Einige Monate waren ins Land gezogen und es kam noch schlimmer. Es geschah
während eines Krimis, er verlief ungewöhnlich spannend: Genau
das schien das Verhängnis heraufzubeschwören. Plötzlich
konnte sie weder sitzen noch stehen. Irgend etwas stach in einer Tour
an der unteren Wirbelsäule. Spannungsketten zogen sich durch weite
Teile des Körpers. Bei einem Gespräch im Einkaufszentrum tippte
sie mit beiden Krücken ständig auf den Boden und hob sie wieder
an, um sich überhaupt unterhalten zu können, die völlig
unnatürlichen Reaktionen des Körpers zu entspannen. In der
Notaufnahme des Krankenhauses wartete sie später drei lange Stunden
lang. Mehr als Psychopharmaka fiel der Ärztin nicht ein. Zwar ergab
das eine „Achterbahnfahrt“ besonderer Art, aber leider keine
Hilfe. Die Fahrt zum Krankenhaus war sinnlos, überdies gefährlich
in ihrem Zustand. Auf dem gelben Zettel las sie später die Diagnose
Panikattacke, deren psychologische Hintergründe sie im Internetlexikon
Wikipedia nachlas und zu dem Schluß kam, damit hat es ganz sicher
nichts zu tun.
Der Vorfall engte ihren Spielraum weiter ein. Ein Rockkonzert, das sie
mit ihrem Freund Henrik besuchte, mußte sie fluchtartig verlassen.
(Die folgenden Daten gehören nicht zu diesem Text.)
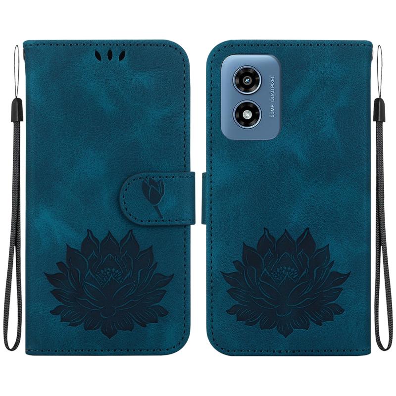 For Motorola Moto G Play 4G 2024 Lotus Embossed Leather Phone Case(Dark Blue)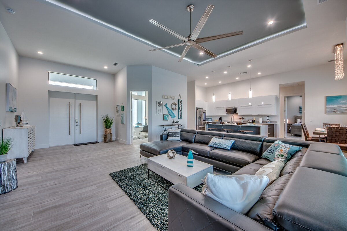 Évadez-vous dans cette retraite moderne de 4 chambres/3,5 salles de bain avec accès au golfe, piscine chauffée, spa et lanai à l'étage pour une vue imprenable sur le coucher du soleil. Profitez d'une table de billard, de ping-pong, de cornhole, de vélos et de cannes à pêche. Faites un barbecue et mangez dehors, ou détendez-vous sous le Tiki Hut au bord de l'eau. Parfaite pour les familles et les amis, cette maison offre le mélange idéal de luxe, de plaisir et de vie inoubliable au bord de l'eau.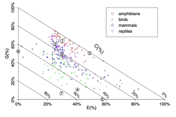 圖2. 270種陸生脊椎動物的進化潛力(G)、生態潛力(E)和拓殖潛力(C)評估的直角三元圖。其中數字表示的物種如下:(1)中華大鯢,(2)大熊貓,(3)中國小鯢(Hynobius chinensis),(4)朱鹮,(5)夏威夷葦鶯 (Acrocephalus familiaris),(6)非洲象(Loxodonta africana),(7)白頭海雕(Haliaeetus leucocephalus),(8)揚子鱷。
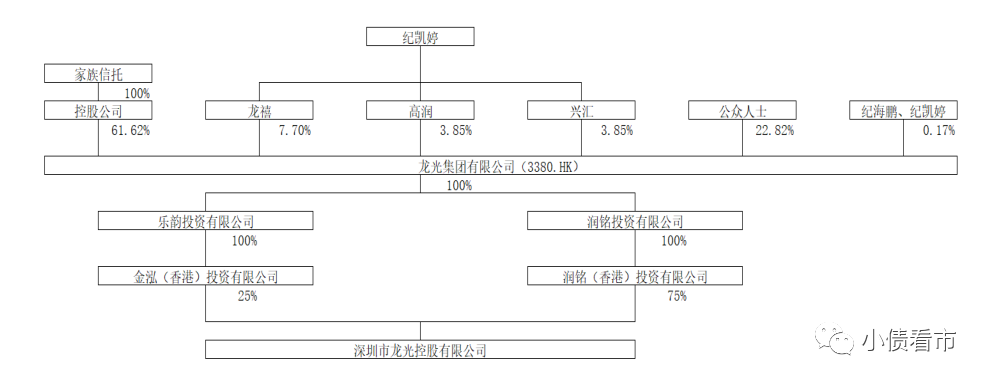 從股權(quán)結(jié)構(gòu)看,紀(jì)海鵬和女兒紀(jì)凱婷通過(guò)家族信托實(shí)際控制龍光集團(tuán),是龍光實(shí)際控制人。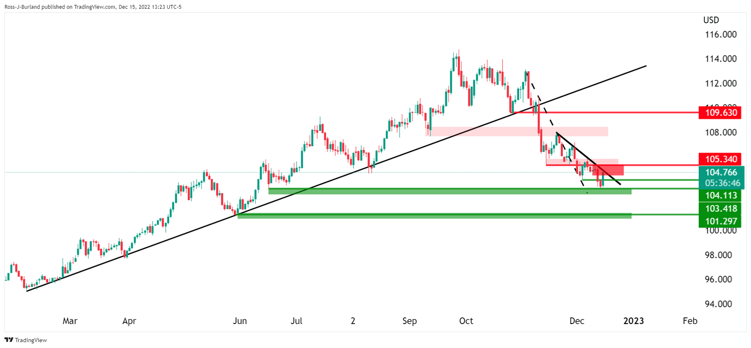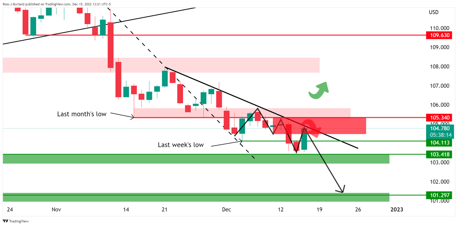 All in all, the US Dollar is getting traction as markets digest the central bank decisions and hawkish guidance, weighing on the commodity complex (an AUD proxy) and risk assets. DXY, an index that measures the US Dollar, is trading higher near the highs of the day, around 104.80 after two straight down days. However, there is a technically bearish bias in DXY while the index remains on the front side of the bear trend as follows: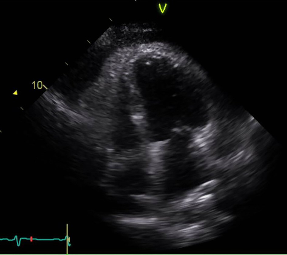 Figure 4. Echocardiogram apical view showing right ventricular collapse in diastole.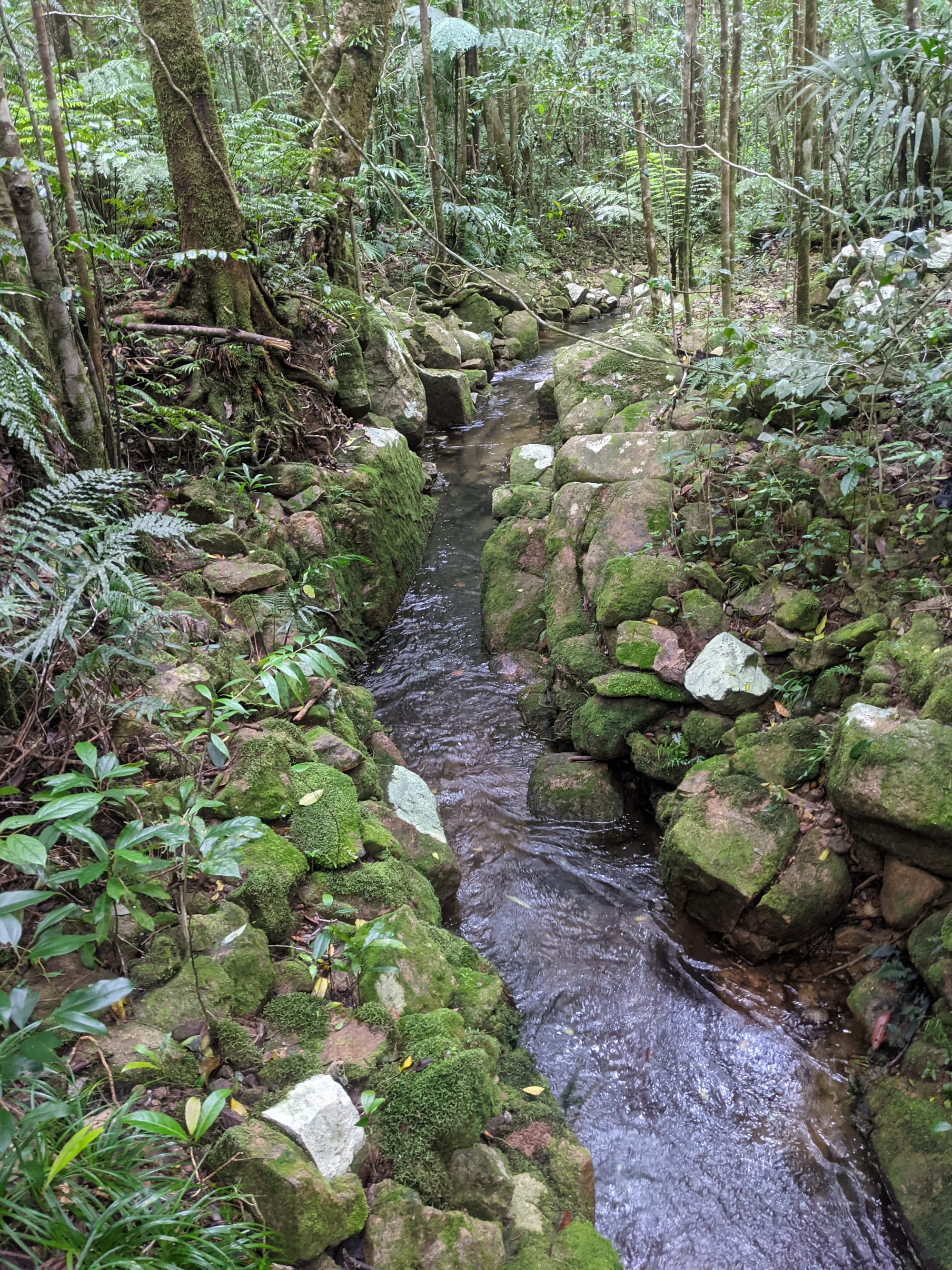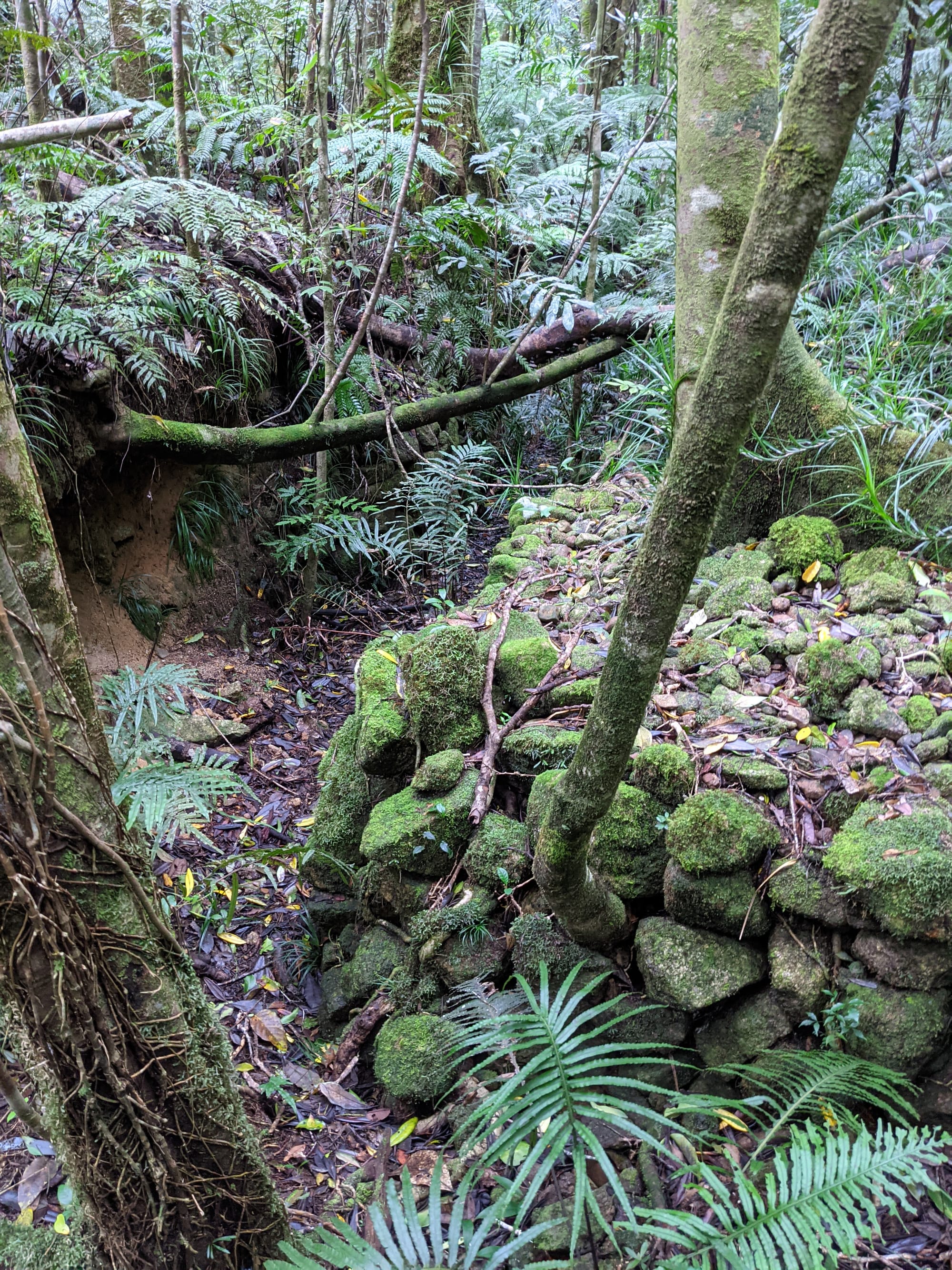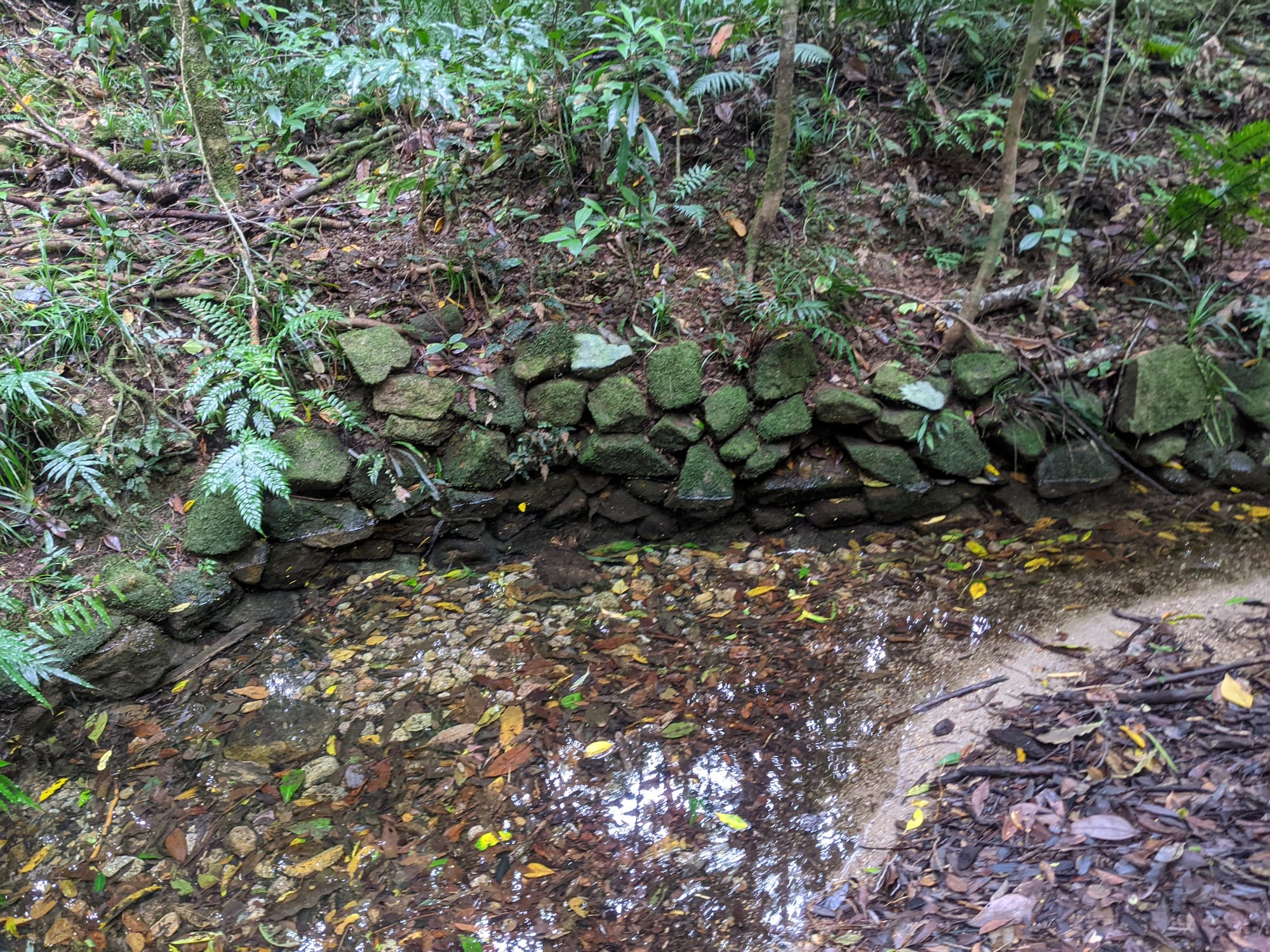 Along the creek we found old tin mining diggings and an impressive network of water races carved into the earth. These channels once directed water to wash away soil and expose tin deposits. In several places the miners had built surprisingly substantial stone walls, carefully stacked by hand. Standing there in the rainforest, it is hard not to imagine the sheer effort required to build these structures more than a century ago.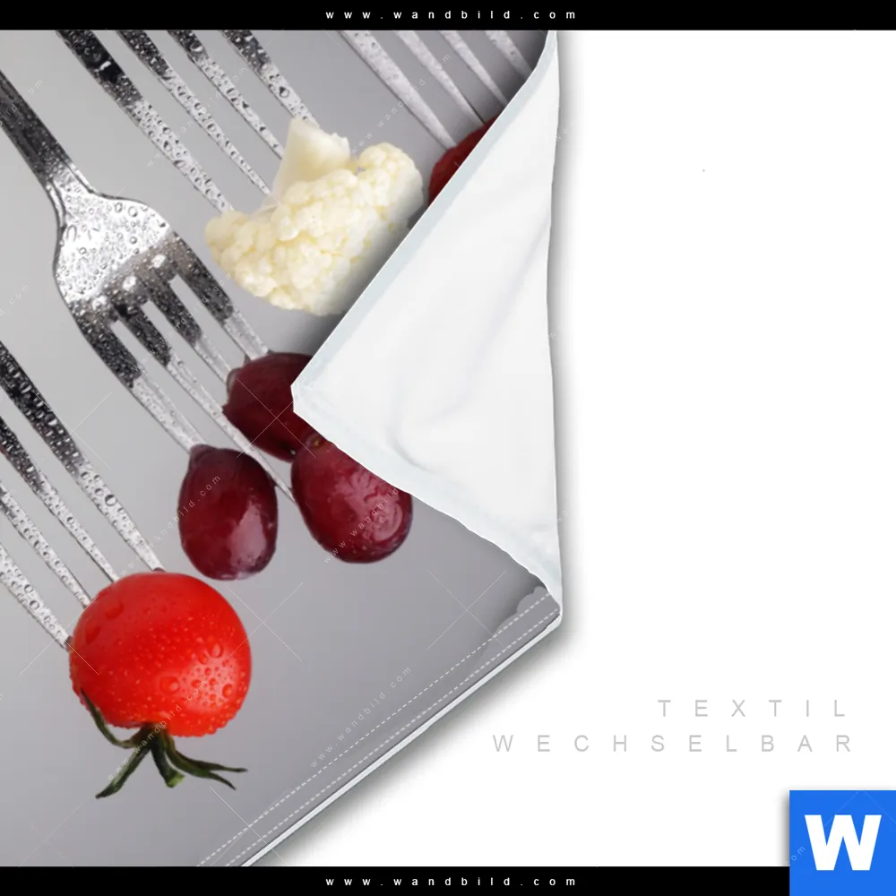 Wechselmotiv Textil | Obst & Gemüse auf Gabeln | Hochformat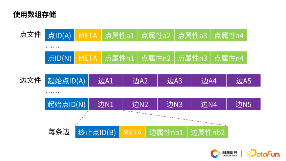首先最直接的方法就是用一个数组,把每一个点上面的所有边,按照顺序一起存储。点文件就是一系列的点组成,每个点的存储,包括点的ID、META信息,以及这个点的一系列属性。每个边文件中,按照起始点的顺序存储点上对应的边。每条边的存储包括终止点ID、META信息,以及边的属性。META信息包括点边类型、边方向、实现事务的额外字段等。在这个存储里,可以直接从起始点遍历所有的边数据,它的读取性能非常高。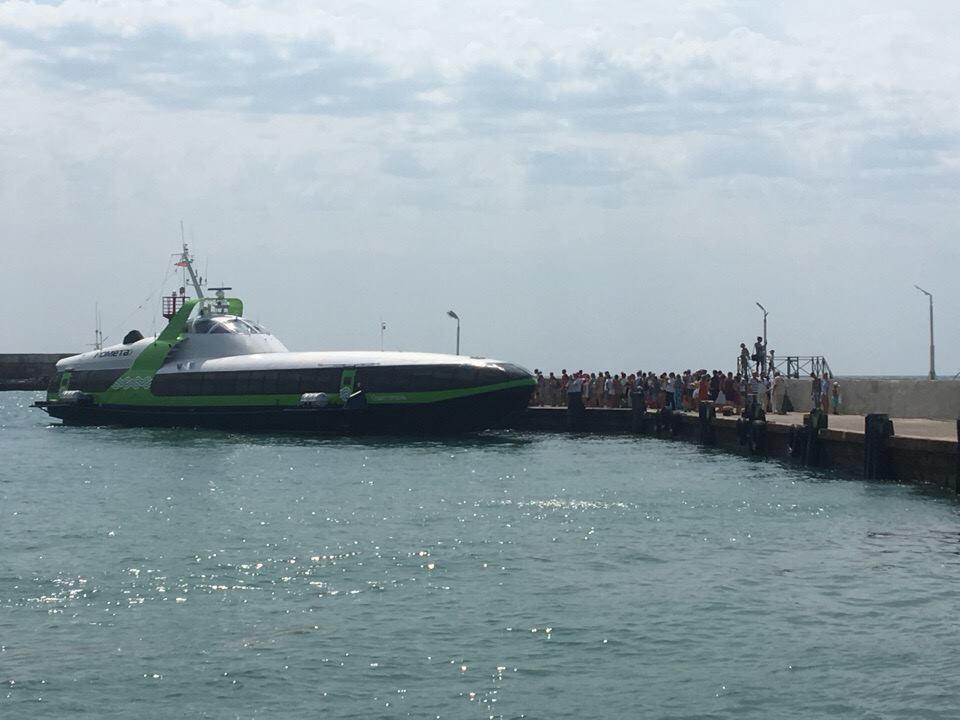 Первая в современной истории Крыма "Комета" прибыла из Севастополя в Ялту. Об этом на своей странице в Facebook сообщил глава администрации Ялты Алексей Челпанов. "К Ялтинскому берегу пришвартовалась первая в современной истории «Комета»! Как и полагается, ее пассажиров встречали с хлебом и солью, а первому гостю, который сошел на причал, вручили памятный подарок. Все мы рады восстановлению такого удобного морского сообщения между Севастополем и Ялтой", – написал Челпанов. По словам главы Ялтинской горадминистрации, морское сообщение на маршруте между Ялтой и Севастополем будет пользоваться популярностью у жителей и гостей Крыма. Подписывайтесь на Кафу в Facebook, страницу ВКонтакте и группу в Одноклассниках. А также на канал Youtube и Telegram. Новости по теме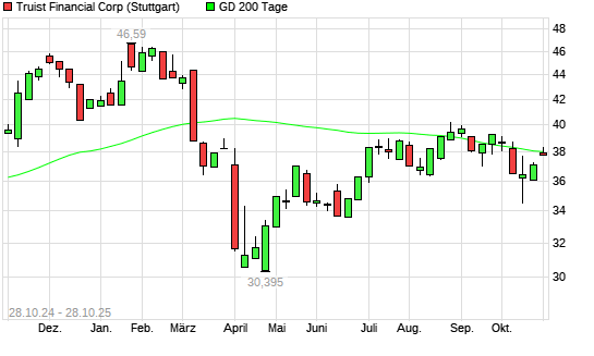 Mit dem Anstieg auf 38,25 EUR hat die Truist Financial-Aktie am 27.10.2025 die 200-Tage-Linie nach oben gekreuzt.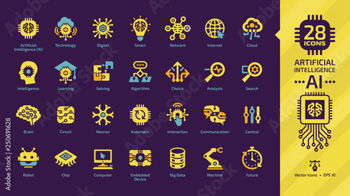 Artificial intelligence yellow icon set on a dark violet background with Ai machine learning, digital technology, smart network, cloud computing, solving, algorithm, analysis, search and choice sign.
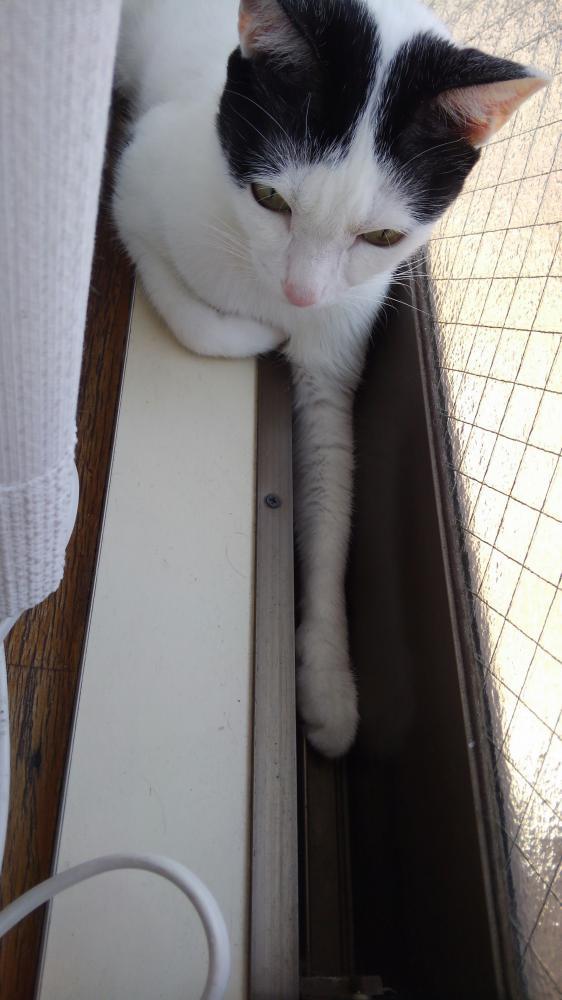 細長い手をはめ込み日向ぼっこ中。サッシは猫のための隙間なんだね。by バンビーノ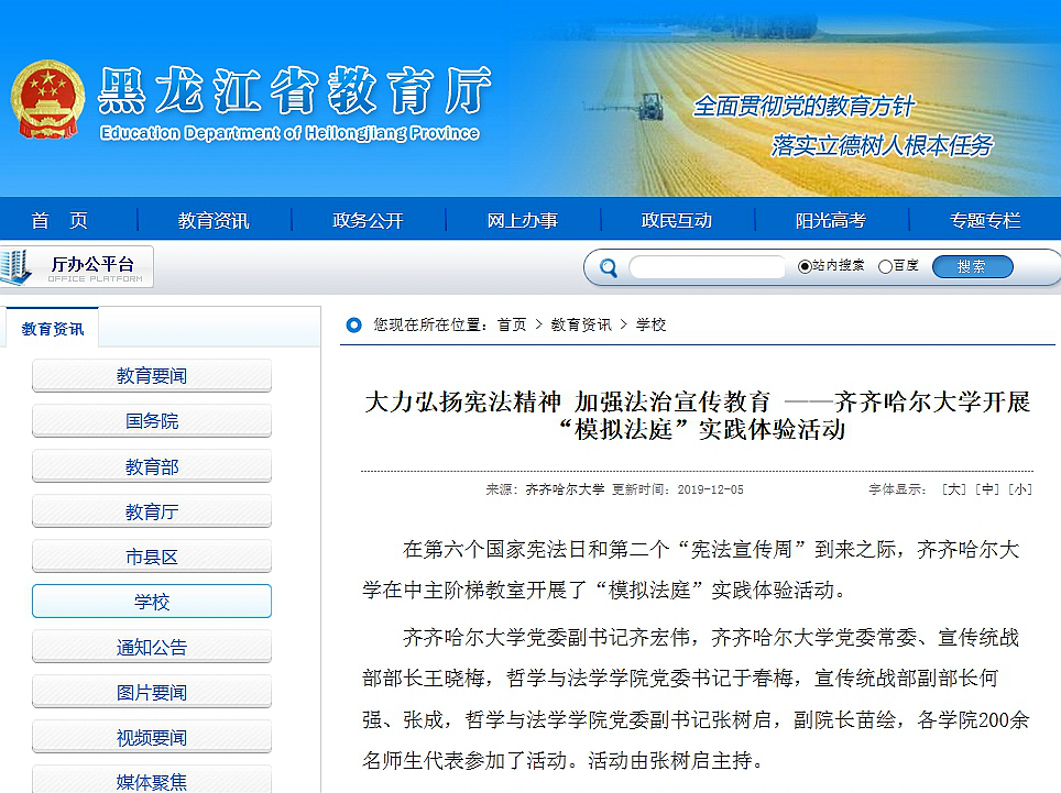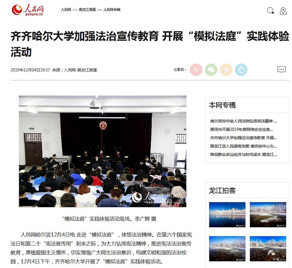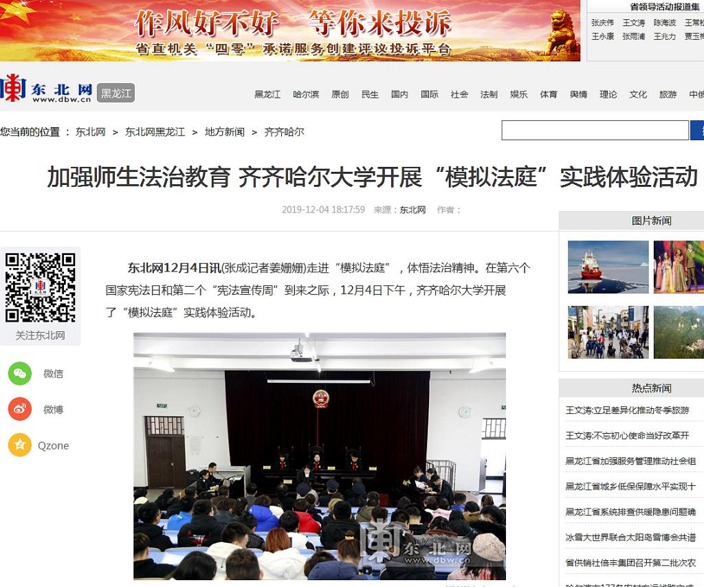 1.东北网:加强师生法治教育齐齐哈尔大学开展“模拟法庭”实践体验活动

Er zeigte sich wenig begeistert davon: „Das wird immer toller mit
deiner ominösen Krankheit“, rief er ihr wütend hinterher.
Noch Tage danach ließ er sie seinen Unmut über das geplatzte
Konzert spüren. Keine drei Lieder konnte sie im Radio noch hören,
dann fing ihr Nervensystem an, den Aufstand zu proben, und der ging jedesmal
eindeutig zu Lasten der Delinquentin aus. Spannende Filme wurden nun
vollends zum Problem. Bewerbungen schrieb sie längst nicht mehr,
denn ihr war klar, in diesem Zustand ließ sich daran nicht im Traum
denken. Wenn wir gerade von Träumen reden, selbst in diesem Zustand
in der Nacht träumte sie sich mit Stützen inzwischen. So weit
hatte sich das Problem bereits in die Schichten ihres Unbewußten
eingelagert. [...]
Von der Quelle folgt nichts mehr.